Zorgverzekeraars dragen bij aan betaalbare, toegankelijke en kwalitatief goede zorg. Daarom controleren zorgverzekeraars of zorguitgaven voldoen aan wet- en regelgeving en of de geleverde zorg gepast is voor de patiënt. Zorgverzekeraars hebben in afstemming met aanbieders voor 2018 een zelfonderzoek curatieve GGZ (cGGZ) ontwikkeld. Het zelfonderzoek is een methodiek die bijdraagt aan de ontwikkeling om als GGZ-aanbieders ‘in control’ te komen over het declaratieproces en om declaraties efficiënt en effectief te controleren.
Bij deelname toetst de deelnemende GGZ-aanbieder de eigen declaraties op een aantal, met aanbieders vooraf afgestemde, controlepunten. Op basis van de kennis en ervaring van afgelopen jaren is het zelfonderzoek voor een aantal controlepunten aangepast.

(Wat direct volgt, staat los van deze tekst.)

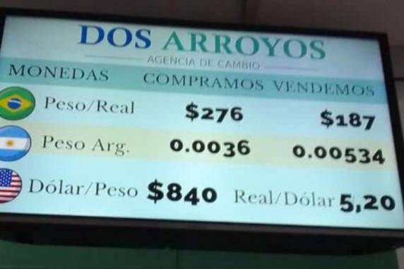 O valor equivalente em reais, entretanto, depende do câmbio local, onde é possível encontrar variações entre 160 pesos e 200 pesos para cada R$ 1, o que significa variação de 25% entre o mais barato e o mais caro. Ainda assim, do lado argentino há relatos de escassez de moeda, o que faz com que os consumidores desprevenidos se sujeitem às cotações praticadas por cada estabelecimento comercial.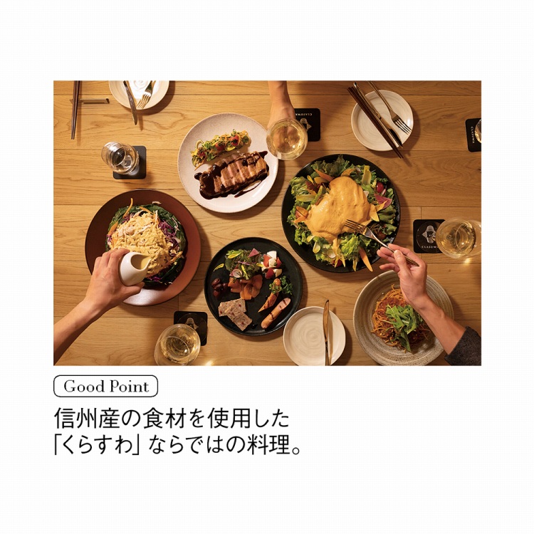 信州の自然に育まれた野菜や、「信州十四豚」などの素材を使用し、美味しさとすこやかさにこだわった「くらすわ」ならではの料理をご堪能ください。

In de voorbereiding op het zelfonderzoek cGGZ 2018 zijn drie afstemmingssessies geweest tussen zorgverzekeraars en zorgaanbieders. In deze drie bijeenkomsten zijn de verschillende documenten van het Zelfonderzoek en wijzigingen in controlepunten besproken. De input van deze bijeenkomsten is meegenomen binnen het zelfonderzoek cGGZ 2018.
Er wordt door zorgverzekeraars en zorgaanbieders gestreefd naar een efficiënte en effectieve uitvoering. Zo is het ook dit jaar weer mogelijk om deel te nemen aan de controlemethodiek re-performance. Deze methodiek zorgt met name bij de deelnemende grote geïntegreerde instellingen voor een snellere beoordeling. De keuze voor re-performance is vrijwillig. Daarnaast wordt zoals ieder jaar aangeraden om als GGZ-aanbieder gedurende de uitvoering van het zelfonderzoek contact te zoeken met de accountant, zodat tijdig een Rapport van Feitelijke Bevindingen kan worden opgeleverd.
Deze Regeling biedt zorgaanbieders de mogelijkheid om het Zelfonderzoek voor twee opeenvolgende jaren te combineren, mits aan de voorwaarden is voldaan. Door het combineren van twee jaren verschuift de volledige jaarlijkse deelname van het zelfonderzoek cGGZ naar een jaar later, waarbij de zorgaanbieder wel gebonden is aan alle voorwaarden van het zelfonderzoek een jaar later, inclusief de bijbehorende tijdslijnen. Een zorgaanbieder kan in beginsel slechts één keer gebruik maken van deze regeling en mag maximaal twee jaren combineren.